Start of Data to examine

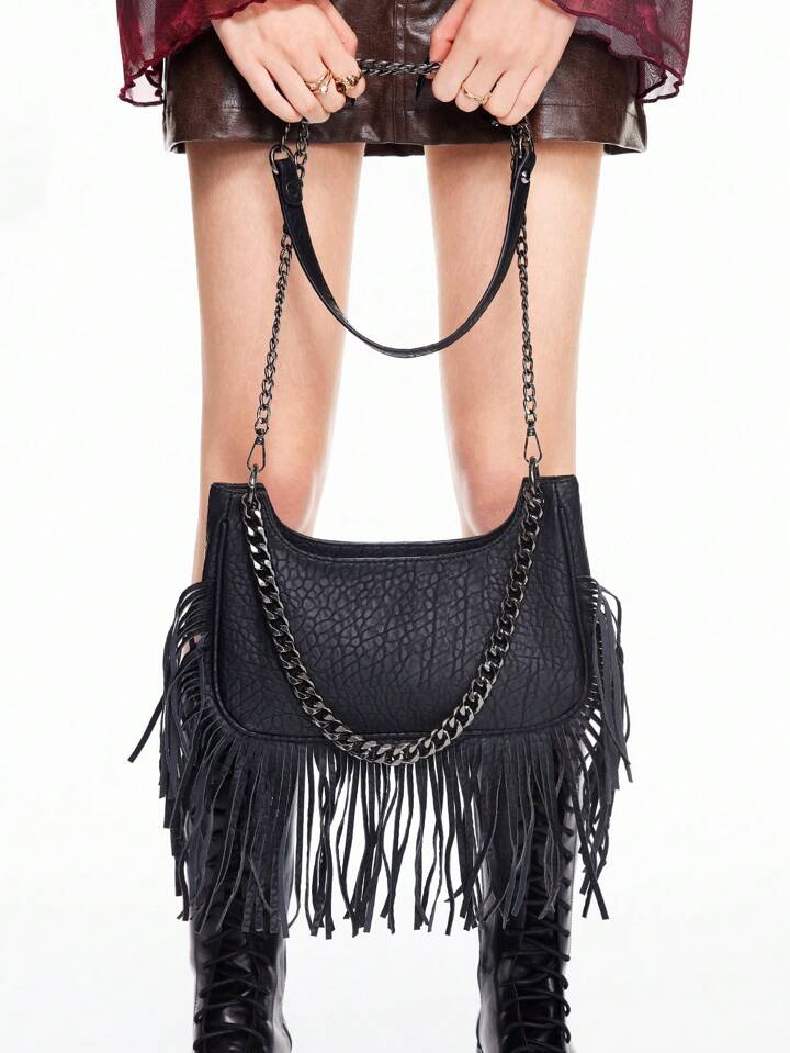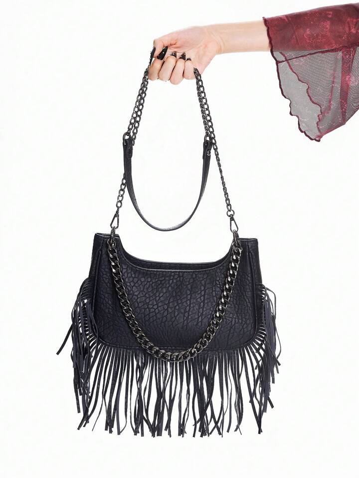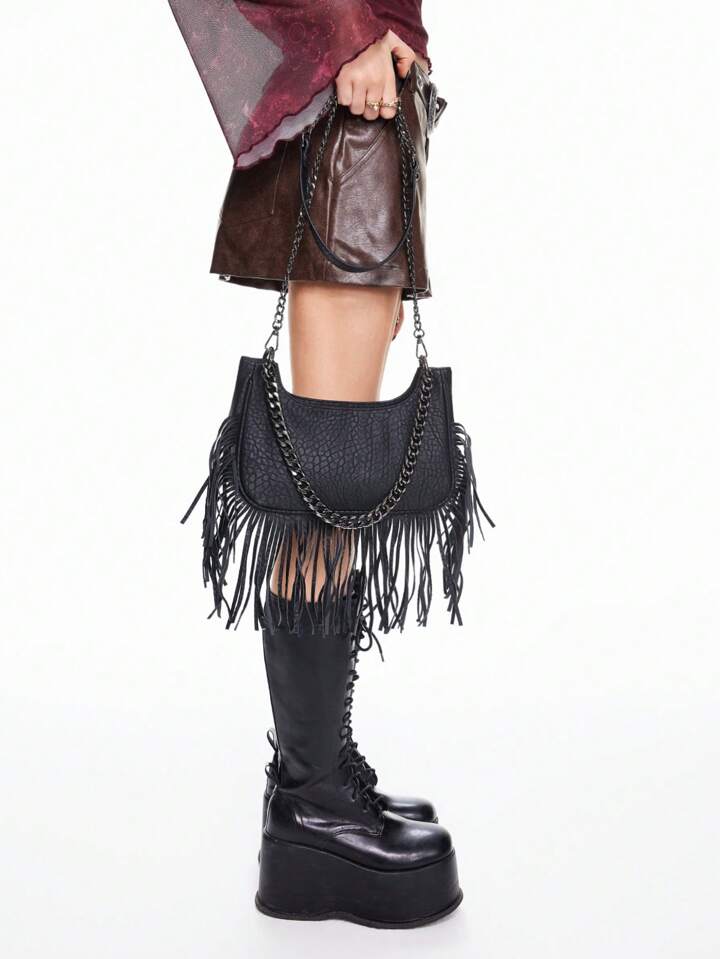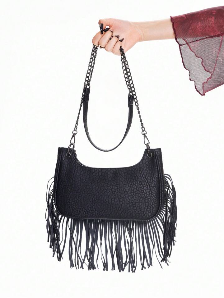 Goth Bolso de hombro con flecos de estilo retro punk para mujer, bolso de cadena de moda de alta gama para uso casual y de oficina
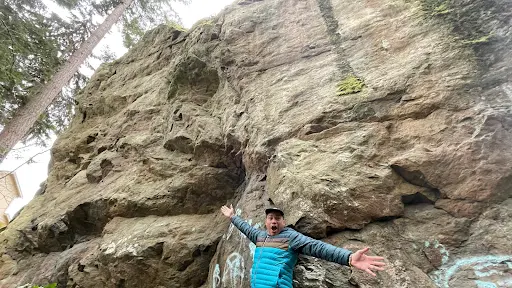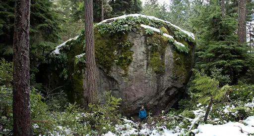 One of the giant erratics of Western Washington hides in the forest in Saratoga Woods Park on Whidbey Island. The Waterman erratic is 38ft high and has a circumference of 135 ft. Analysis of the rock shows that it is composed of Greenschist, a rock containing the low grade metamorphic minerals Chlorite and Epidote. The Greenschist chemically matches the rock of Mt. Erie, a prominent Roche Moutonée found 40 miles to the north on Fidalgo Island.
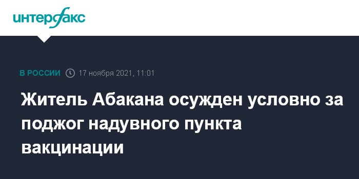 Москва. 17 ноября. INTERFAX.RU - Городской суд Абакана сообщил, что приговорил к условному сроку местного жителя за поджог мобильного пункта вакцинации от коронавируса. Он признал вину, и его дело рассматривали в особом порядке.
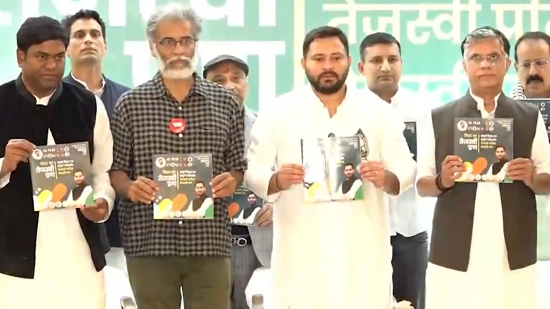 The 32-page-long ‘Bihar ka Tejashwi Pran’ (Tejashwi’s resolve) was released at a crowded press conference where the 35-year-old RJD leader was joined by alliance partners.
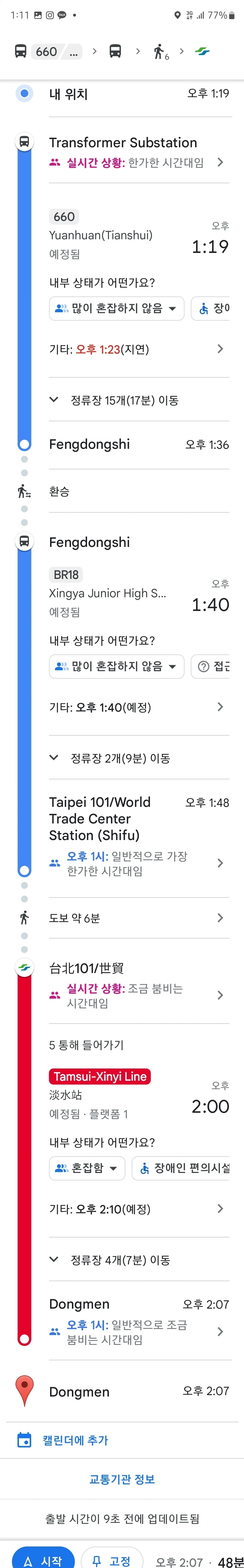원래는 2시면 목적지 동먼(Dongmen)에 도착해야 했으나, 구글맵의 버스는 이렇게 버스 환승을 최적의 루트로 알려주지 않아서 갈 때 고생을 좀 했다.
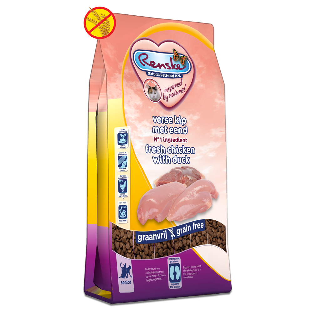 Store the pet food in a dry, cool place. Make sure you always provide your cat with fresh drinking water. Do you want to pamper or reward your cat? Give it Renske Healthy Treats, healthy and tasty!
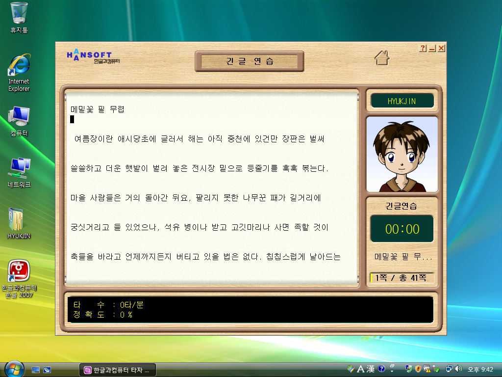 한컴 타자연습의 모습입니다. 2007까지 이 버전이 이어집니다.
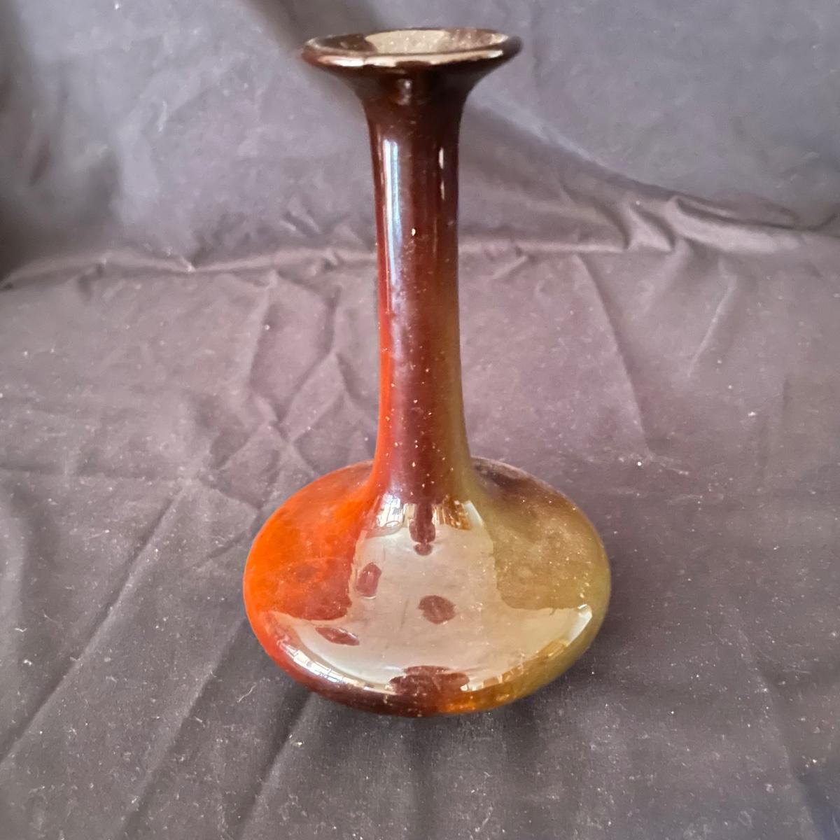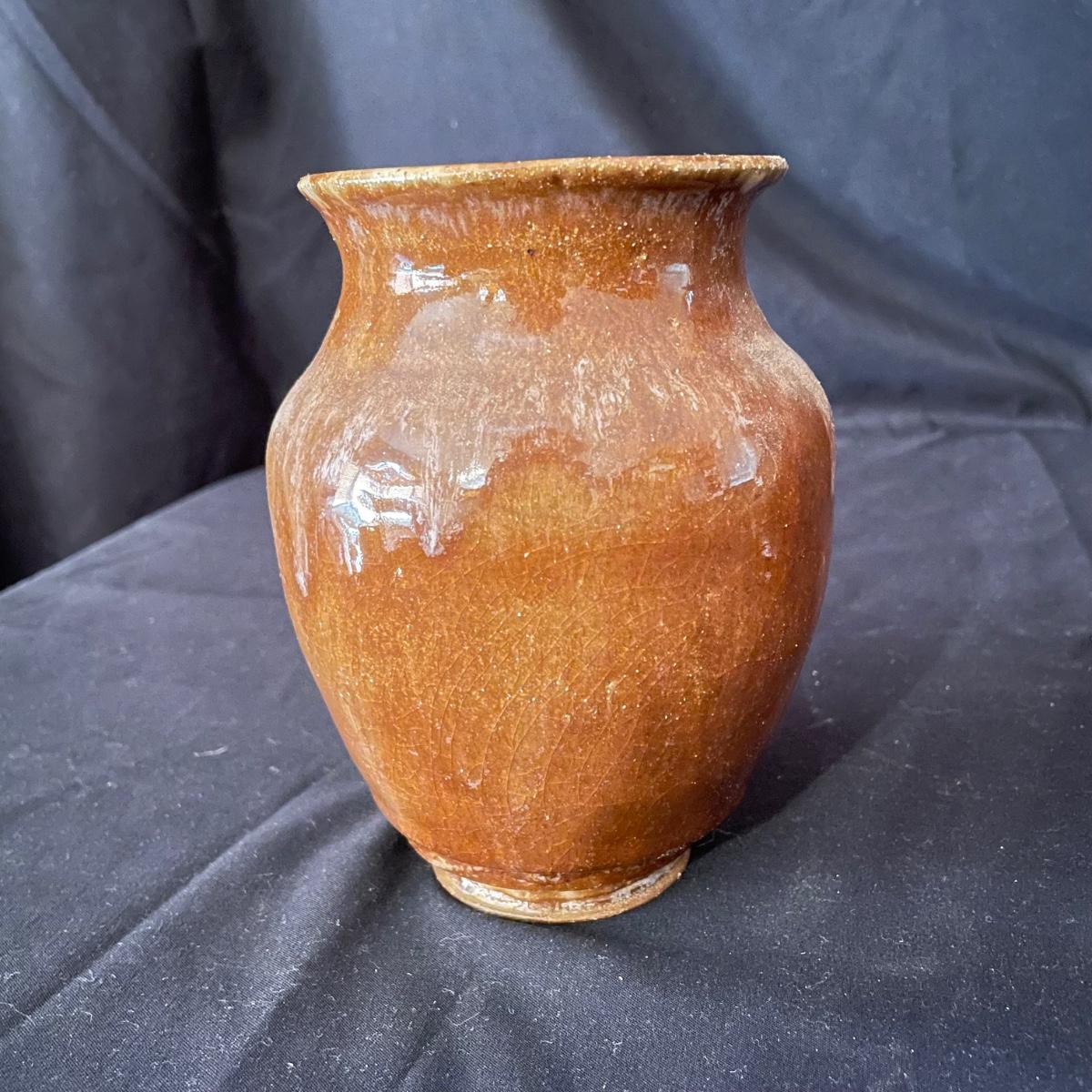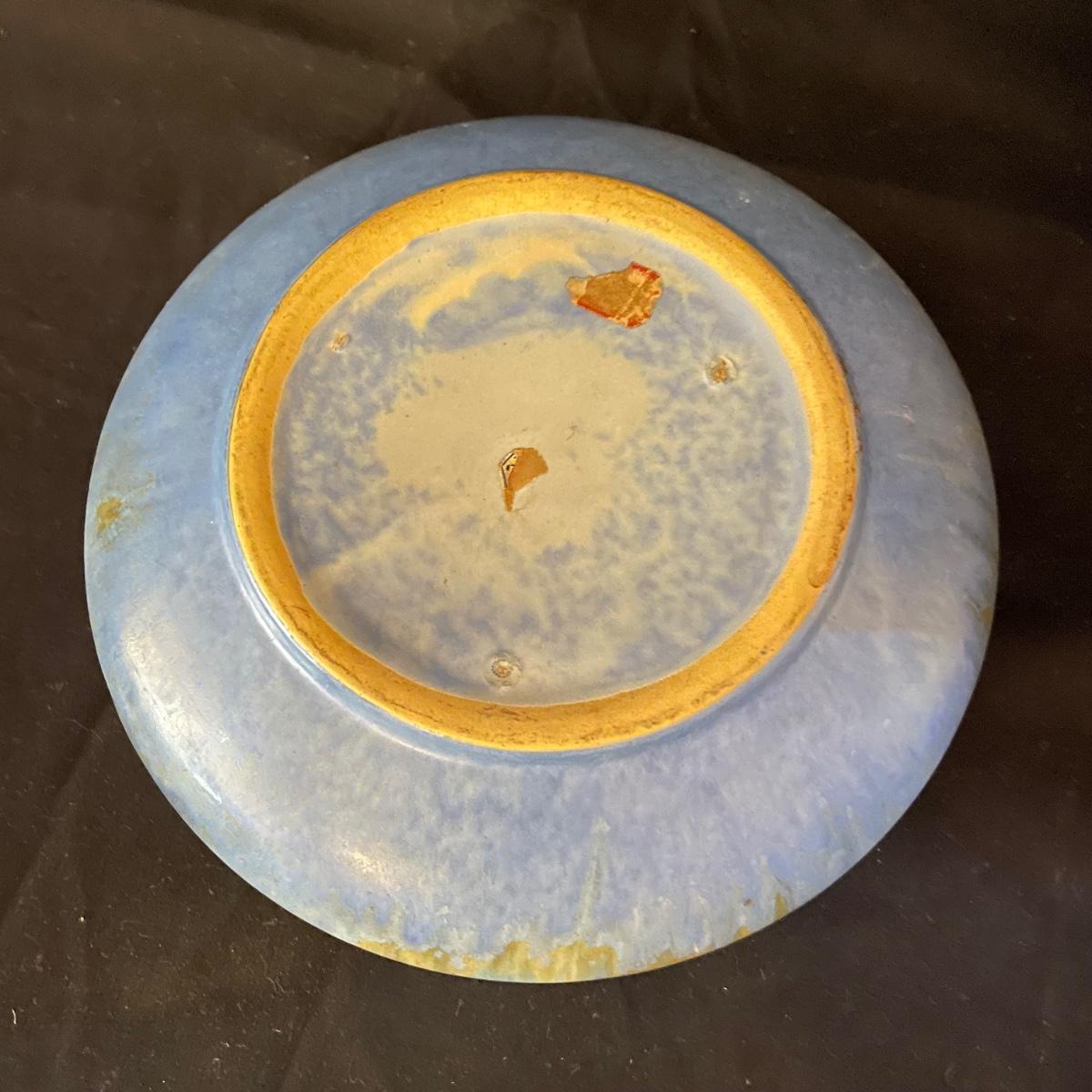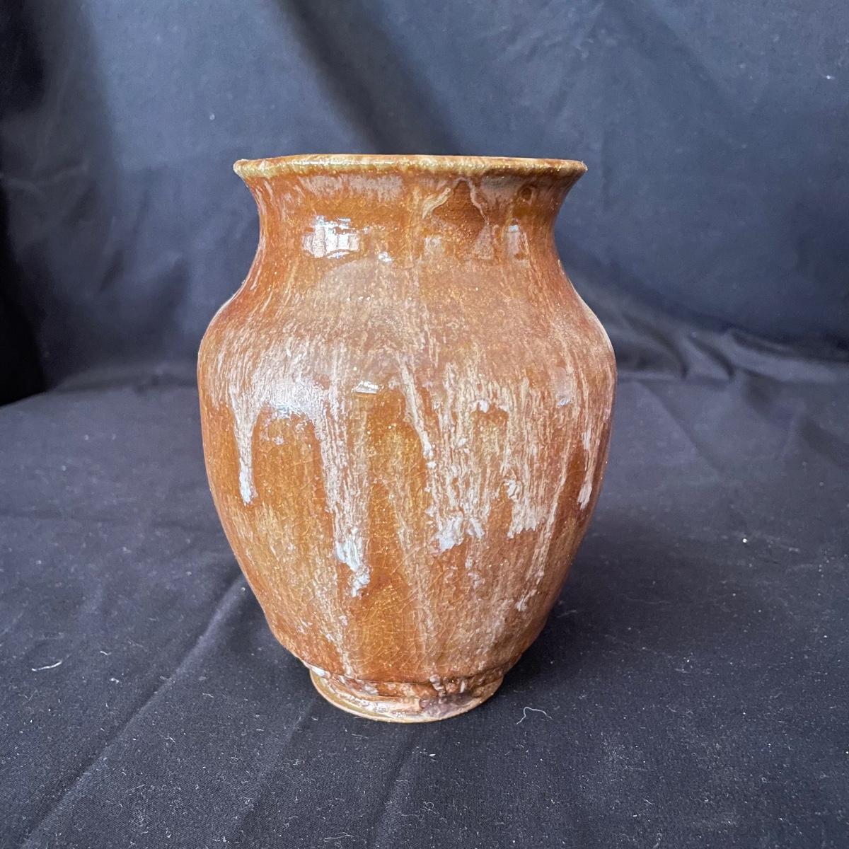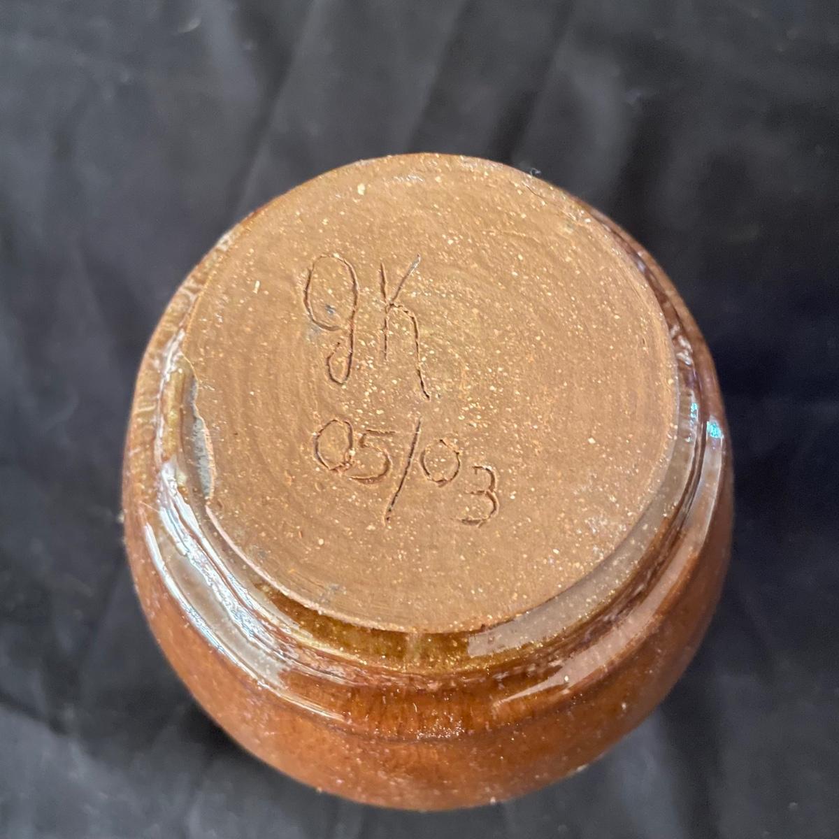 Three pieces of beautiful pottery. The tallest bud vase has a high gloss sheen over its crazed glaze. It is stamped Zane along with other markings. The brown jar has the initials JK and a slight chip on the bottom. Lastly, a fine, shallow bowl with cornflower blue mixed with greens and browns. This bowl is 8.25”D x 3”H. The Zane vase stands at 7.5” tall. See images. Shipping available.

End of Data to examine

• _Task description_
Omit the pictures. Output every record above word for word.

• _Expected output_
 Goth Bolso de hombro con flecos de estilo retro punk para mujer, bolso de cadena de moda de alta gama para uso casual y de oficina
 One of the giant erratics of Western Washington hides in the forest in Saratoga Woods Park on Whidbey Island. The Waterman erratic is 38ft high and has a circumference of 135 ft. Analysis of the rock shows that it is composed of Greenschist, a rock containing the low grade metamorphic minerals Chlorite and Epidote. The Greenschist chemically matches the rock of Mt. Erie, a prominent Roche Moutonée found 40 miles to the north on Fidalgo Island.
 Москва. 17 ноября. INTERFAX.RU - Городской суд Абакана сообщил, что приговорил к условному сроку местного жителя за поджог мобильного пункта вакцинации от коронавируса. Он признал вину, и его дело рассматривали в особом порядке.
 The 32-page-long ‘Bihar ka Tejashwi Pran’ (Tejashwi’s resolve) was released at a crowded press conference where the 35-year-old RJD leader was joined by alliance partners.
원래는 2시면 목적지 동먼(Dongmen)에 도착해야 했으나, 구글맵의 버스는 이렇게 버스 환승을 최적의 루트로 알려주지 않아서 갈 때 고생을 좀 했다.
 Store the pet food in a dry, cool place. Make sure you always provide your cat with fresh drinking water. Do you want to pamper or reward your cat? Give it Renske Healthy Treats, healthy and tasty!
 한컴 타자연습의 모습입니다. 2007까지 이 버전이 이어집니다.
 Three pieces of beautiful pottery. The tallest bud vase has a high gloss sheen over its crazed glaze. It is stamped Zane along with other markings. The brown jar has the initials JK and a slight chip on the bottom. Lastly, a fine, shallow bowl with cornflower blue mixed with greens and browns. This bowl is 8.25”D x 3”H. The Zane vase stands at 7.5” tall. See images. Shipping available.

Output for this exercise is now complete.